Une écologie d’action viable, fiable, crédible, lucide au sein de la formation des enseignants requiert, en conséquence, une formation initiale solide et une professionnalisation tout au long du métier d’enseignant. Cet apprentissage tout au long de la vie doit imprégner ceux qui choisissent cette voie car il est non seulement garant d’une connaissance plus ample et pointue, mais également, de la mise en place d’une confiance méthodologique solide. Revenons à Peter Senge, cité par Michael Fullan :

(…) ceux qui ont un haut niveau de maîtrise personnelle vivent en apprenant de façon continue

(…) la maîtrise personnelle n’est pas quelque chose que l’on possède. C’est un processus. C’est une discipline pour toute la vie.

(…) Le voyage est la récompense. (Fullan, 1993 : 30).
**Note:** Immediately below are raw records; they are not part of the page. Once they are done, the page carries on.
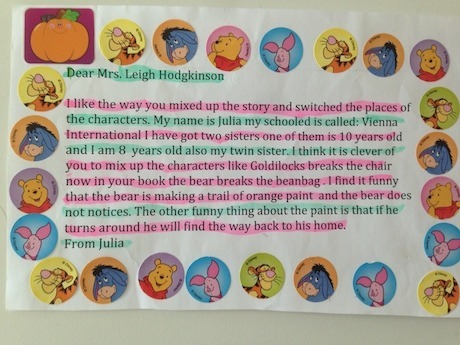 A little while ago, we heard from Tini Prato, a teacher at a school in Austria, who’d been reading Goldilocks and Just the One Bear, by Leigh Hodgkinson, to her class. We asked her what her students had made of it, and this is what she told us: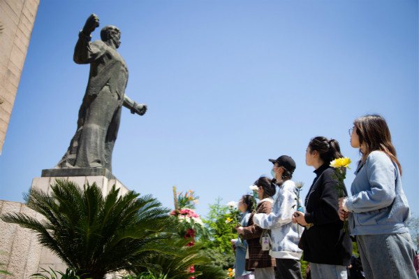 历史是最好的教科书,红色基因是最好的营养剂。在刚刚过去的清明节,许多地方开展祭奠、缅怀英烈活动,学史崇德、赓续精神。图为4月4日,人们在江苏省南京市雨花台烈士纪念碑前寄托哀思。(图片来源:人民视觉)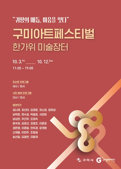 행사는 오전 11시부터 오후 7시까지로 운영되며 자세한 내용은 구미문화재단 홈페이지(www.gucf.or.kr)를 통해 확인 할 수 있으며, 구미문화재단 공간운영팀 ☏ 054-441-7454 으로 문의 하면 된다.

Néanmoins, cette maîtrise personnelle doit être en osmose avec la collaboration entre pairs, pour obtenir un point d’équilibre idéal. Ces deux piliers forment selon Michael Fullan,

(…) un couple idéal. Ils sont fidèles, s’alimentent et se complètent l’un avec l’autre. (…) Ils ont une capacité d’autocorrection et de mise en valeur permanente de ce qu’il faut réaliser.

Ils sont efficaces pour réussir les objectifs et, par surcroît, ils obtiennent les objectifs corrects. (Fullan, 1993 : 31).

Il existe là un filon non épuisé qui réclame d’être mis en lumière, afin que la formation des professeurs cesse d’être, ce que Michael Fullan nomme « l’opportunité perdue de la société ».